### Dataset excerpts
---
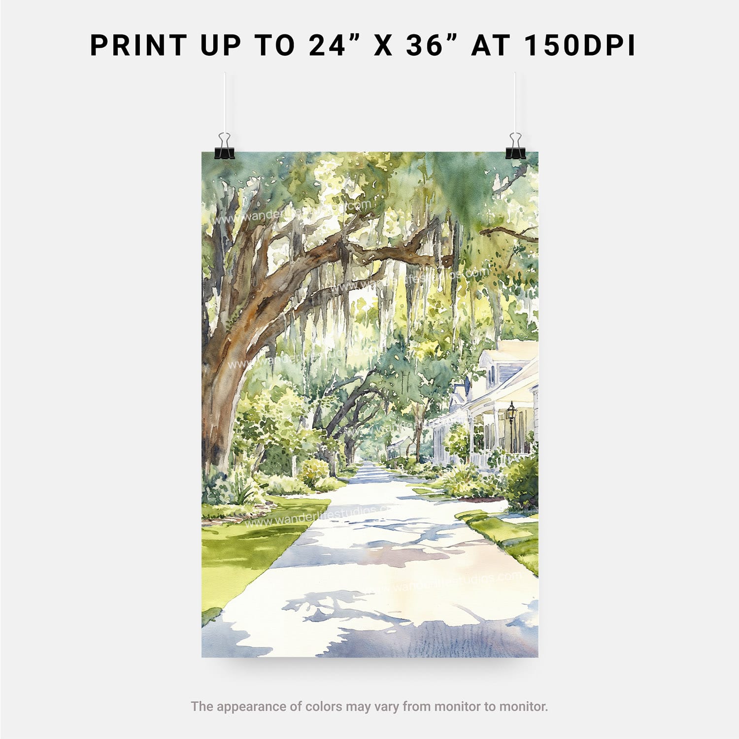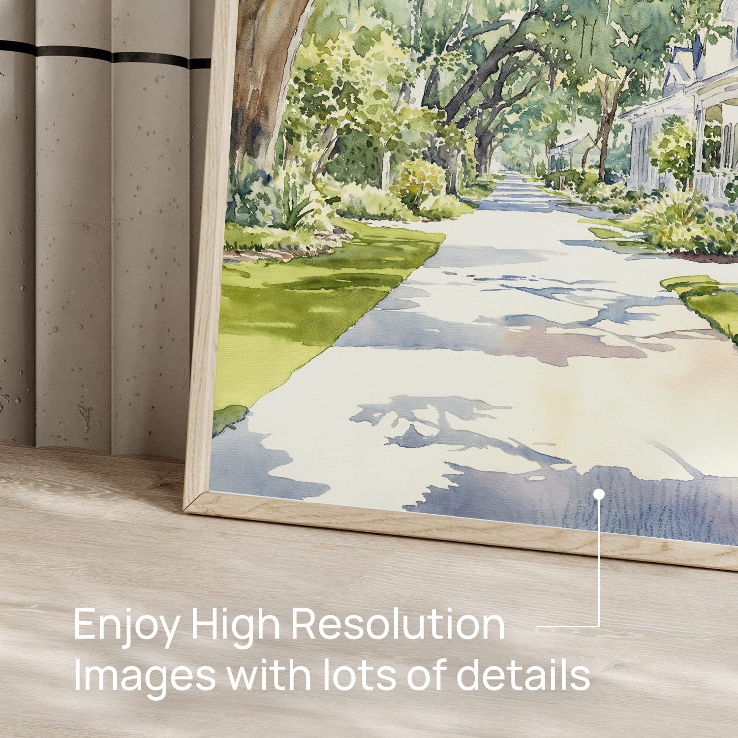 This digital download wall art captures the charm of Savannah, Georgia, showcasing lush greenery and historic homes. Enjoy instant access for easy printing at home or a local shop, perfect for enhancing your living space.
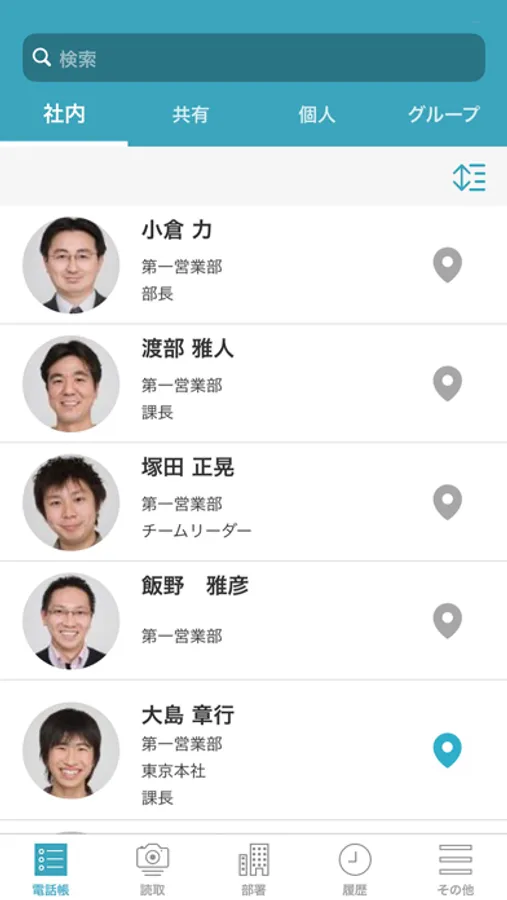 連絡先をクラウドで一元管理し、部署・キーワードから社員を検索し、連絡出来ます。さらに、お客様の名刺情報もいつでも検索し、連絡をとることが可能です。
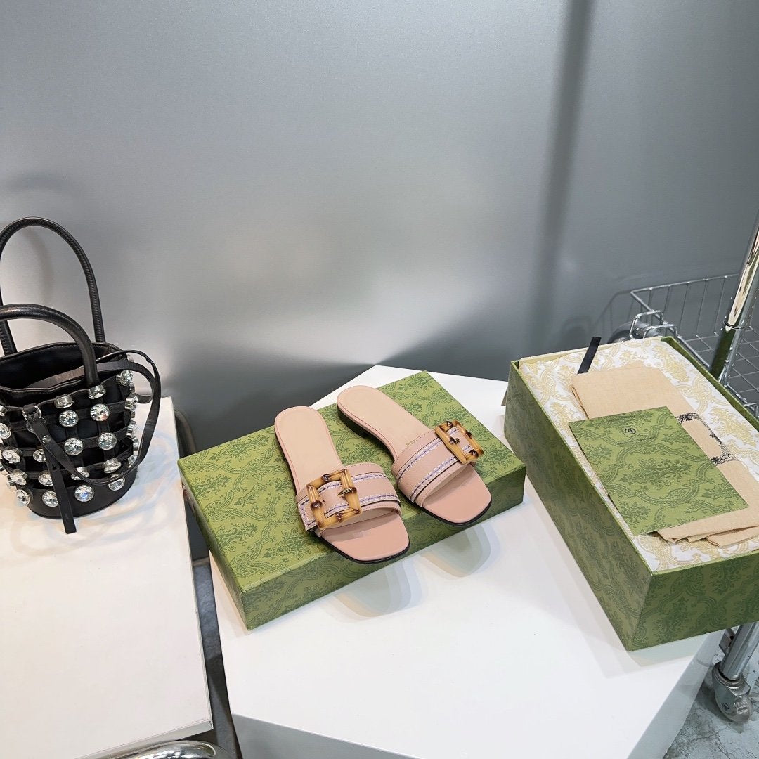 GG BAMBOO BUCKLE FLAT SANDALS BEIGE
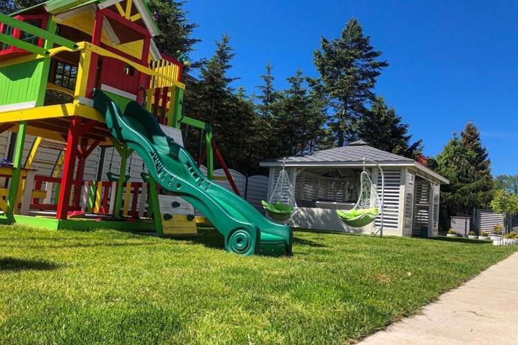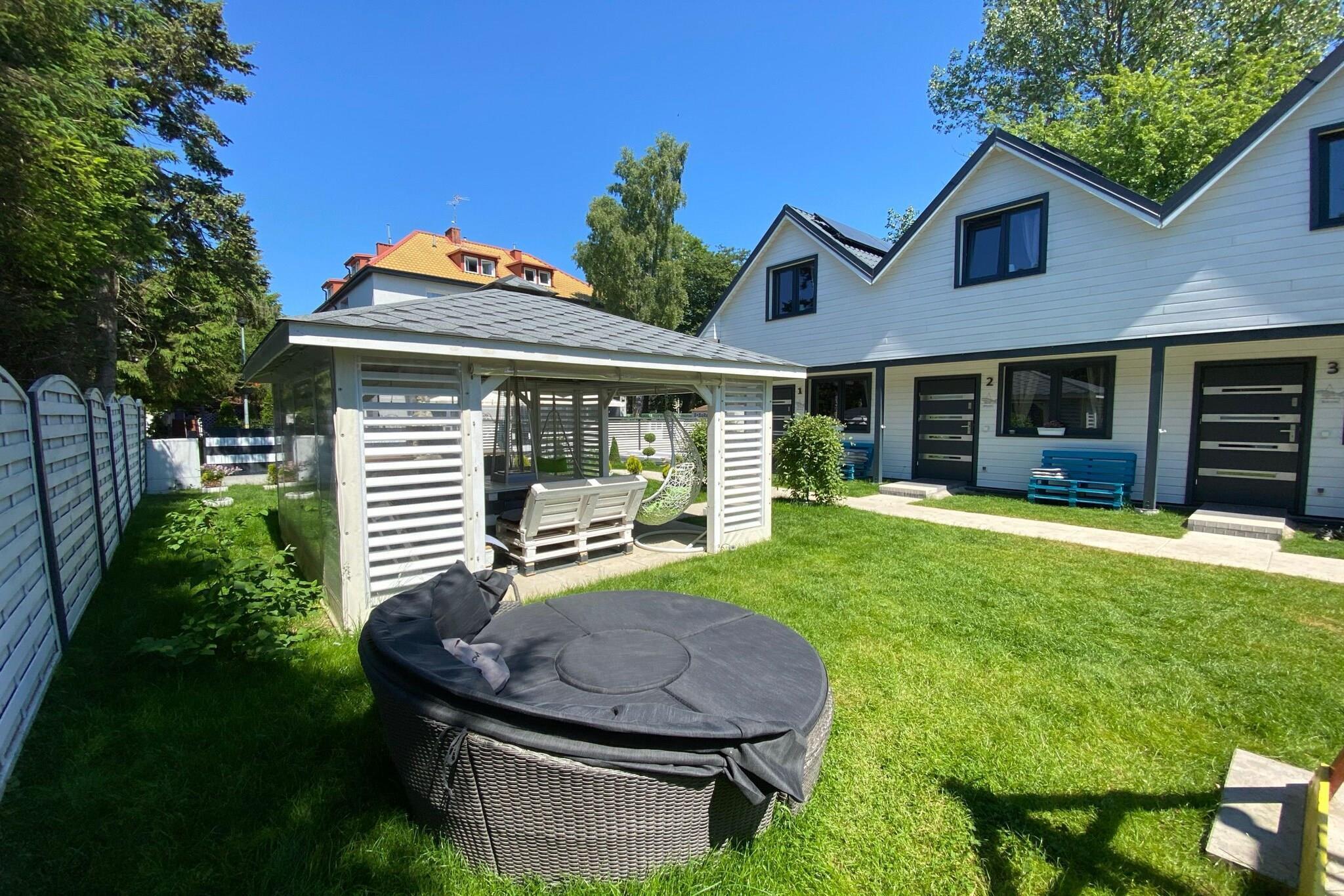 Ein gemütlicher Komplex komfortabler Ferienhäuser zwischen dem Meer und dem Jamno-See. Zum Ostseestrand sind es nur 350 m. Zu den Angelstegen am See (dort können Sie auch Schwimmausrüstung ausleihen) sind es 250 m. Ein zweistöckiges, ganzjährig nutzbares Ferienhaus mit überdachter Terrasse, auf der eine Gartengarnitur auf Sie wartet. Im Erdgeschoss gibt es ein Wohnzimmer (Tisch, Schlafsofa, Fernseher), eine Küche und ein Badezimmer mit Dusche. Im Obergeschoss 2 Dreibettzimmer. Elektroheizung. WLAN ist verfügbar. Auf dem gepflegten Gelände des Ferienzentrums befinden sich ein attraktiver Spielplatz, eine Gartenlaube und eine Grillfeuerstelle. Es gibt einen Parkplatz. Im Preis Ihres Aufenthaltes inbegriffen: Bettwäsche, Handtücher, Endreinigung, Internet. Babybett und Hochstuhl auf Anfrage verfügbar. Der wunderschöne Ostseestrand liegt nur 350 m vom Resort entfernt. In unmittelbarer Nähe finden Sie zahlreiche Freizeiteinrichtungen, Restaurants und Cafés. Der internationale Radweg R-10 verläuft in der Nähe, sodass Sie die anderen benachbarten Küstenstädte einfach und bequem mit dem Fahrrad erreichen können. Nur 100 m zum Ufer des Jamno-Sees. Es gibt einen Yachthafen, einen Verleih von Wasserausrüstung (Wasserfahrräder, Kajaks, Ruderboote) und auch Angelplätze. Für Badefreunde ist das Gewässer zwar nicht besonders attraktiv, für Wassersportler (Windsurfen, Kitesurfen – Verleih und Schule) und Angler ist es jedoch ein idealer Ort.
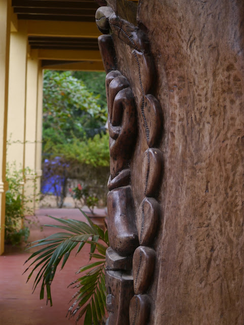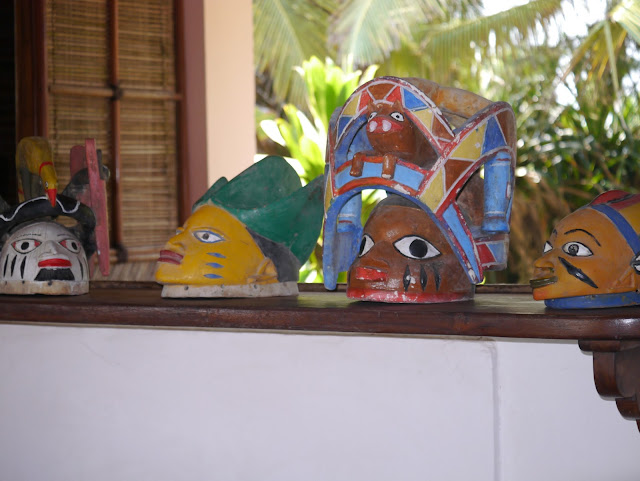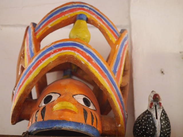Ainsi, en pénétrant dans cette première pièce (servant tout autant de lobby, de bibliothèque ainsi que de petit coin où prendre l’apéritif)  je n’ai eu d’yeux que pour les superbes masques hauts en couleurs  (lesquels font d’ailleurs penser à ceux de l’artiste béninois Kifouli Dossou déjà évoqués ici et là ), posés en rebord de fenêtres, qui la décorent.
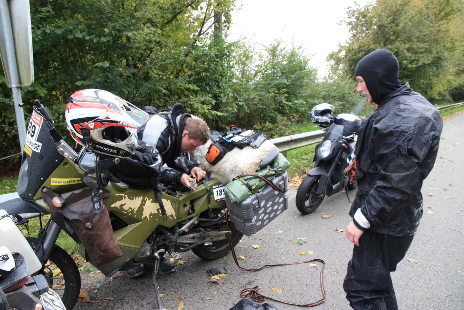Irgendwo in Luxemburg auffer Dosenbahn haben wir nen Halt gemacht (zwecks Regenkombi). Danach ist Atzis Kiste nicht mehr angesprungen. Klasssse!
---
### Task directions
Reproduce the data exactly, please, and omit its pictures.

### Solved problem
 This digital download wall art captures the charm of Savannah, Georgia, showcasing lush greenery and historic homes. Enjoy instant access for easy printing at home or a local shop, perfect for enhancing your living space.
 連絡先をクラウドで一元管理し、部署・キーワードから社員を検索し、連絡出来ます。さらに、お客様の名刺情報もいつでも検索し、連絡をとることが可能です。
 GG BAMBOO BUCKLE FLAT SANDALS BEIGE
 Ein gemütlicher Komplex komfortabler Ferienhäuser zwischen dem Meer und dem Jamno-See. Zum Ostseestrand sind es nur 350 m. Zu den Angelstegen am See (dort können Sie auch Schwimmausrüstung ausleihen) sind es 250 m. Ein zweistöckiges, ganzjährig nutzbares Ferienhaus mit überdachter Terrasse, auf der eine Gartengarnitur auf Sie wartet. Im Erdgeschoss gibt es ein Wohnzimmer (Tisch, Schlafsofa, Fernseher), eine Küche und ein Badezimmer mit Dusche. Im Obergeschoss 2 Dreibettzimmer. Elektroheizung. WLAN ist verfügbar. Auf dem gepflegten Gelände des Ferienzentrums befinden sich ein attraktiver Spielplatz, eine Gartenlaube und eine Grillfeuerstelle. Es gibt einen Parkplatz. Im Preis Ihres Aufenthaltes inbegriffen: Bettwäsche, Handtücher, Endreinigung, Internet. Babybett und Hochstuhl auf Anfrage verfügbar. Der wunderschöne Ostseestrand liegt nur 350 m vom Resort entfernt. In unmittelbarer Nähe finden Sie zahlreiche Freizeiteinrichtungen, Restaurants und Cafés. Der internationale Radweg R-10 verläuft in der Nähe, sodass Sie die anderen benachbarten Küstenstädte einfach und bequem mit dem Fahrrad erreichen können. Nur 100 m zum Ufer des Jamno-Sees. Es gibt einen Yachthafen, einen Verleih von Wasserausrüstung (Wasserfahrräder, Kajaks, Ruderboote) und auch Angelplätze. Für Badefreunde ist das Gewässer zwar nicht besonders attraktiv, für Wassersportler (Windsurfen, Kitesurfen – Verleih und Schule) und Angler ist es jedoch ein idealer Ort.
Ainsi, en pénétrant dans cette première pièce (servant tout autant de lobby, de bibliothèque ainsi que de petit coin où prendre l’apéritif)  je n’ai eu d’yeux que pour les superbes masques hauts en couleurs  (lesquels font d’ailleurs penser à ceux de l’artiste béninois Kifouli Dossou déjà évoqués ici et là ), posés en rebord de fenêtres, qui la décorent.
Irgendwo in Luxemburg auffer Dosenbahn haben wir nen Halt gemacht (zwecks Regenkombi). Danach ist Atzis Kiste nicht mehr angesprungen. Klasssse!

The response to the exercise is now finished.